Rispetto all'apparizione del 2025, che vedeva la presenza di Mehari e di Jeff Ballard alla batteria, si sono avvertite alcune differenze, la più sostanziale delle quali riguardava l'aspetto ritmico, ben più compatto e interagente quest'anno per via del drumming di Pinson, in perfetta sintonia con l'impostazione del leader, in sostituzione di quello più datato e formale di Ballard.  

Il mondo musicale di Mohler, come viene testimoniato anche dalla sua produzione discografica, si basa su una concezione tanto semplice quanto efficace: su un contesto ritmico sostenuto, che costituisce il solidissimo asse portante, viene lasciato ampio spazio agli svettanti assoli di tutti i membri della formazione. Anche i temi compositivi, concisi, ben modulati e orecchiabili, favoriscono un interplay diretto e seducente, oltre a lanciare l'immediatezza comunicativa degli spunti solistici.

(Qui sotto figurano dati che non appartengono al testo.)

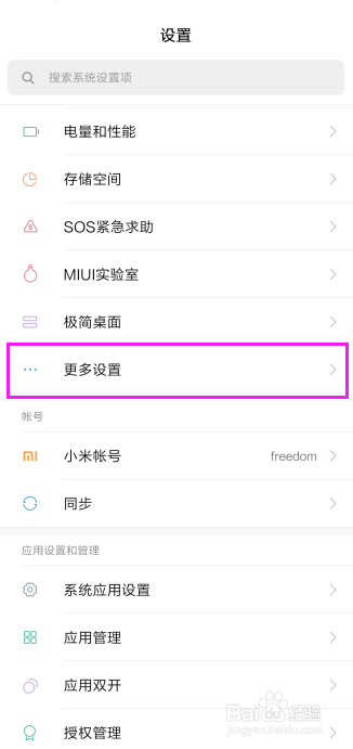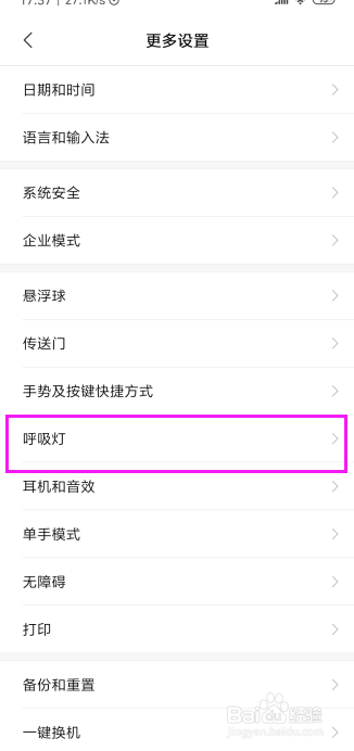 在更多设置的界面,找到呼吸灯的选项,如图所示

Nel suo jazz non si scorge mai una pretesa "colta," una rarefazione di stampo intellettualistico o concettuale, un sofisticato ripiegamento in una dimensione privata e introversa, pur perlustrando a tratti angoli di intima poesia. Si può parlare quindi della personale visione di un mainstream avanzato e consapevole, di autentica vitalità, teso a coinvolgere il pubblico su un piano di immediata e dialogante comunicativa.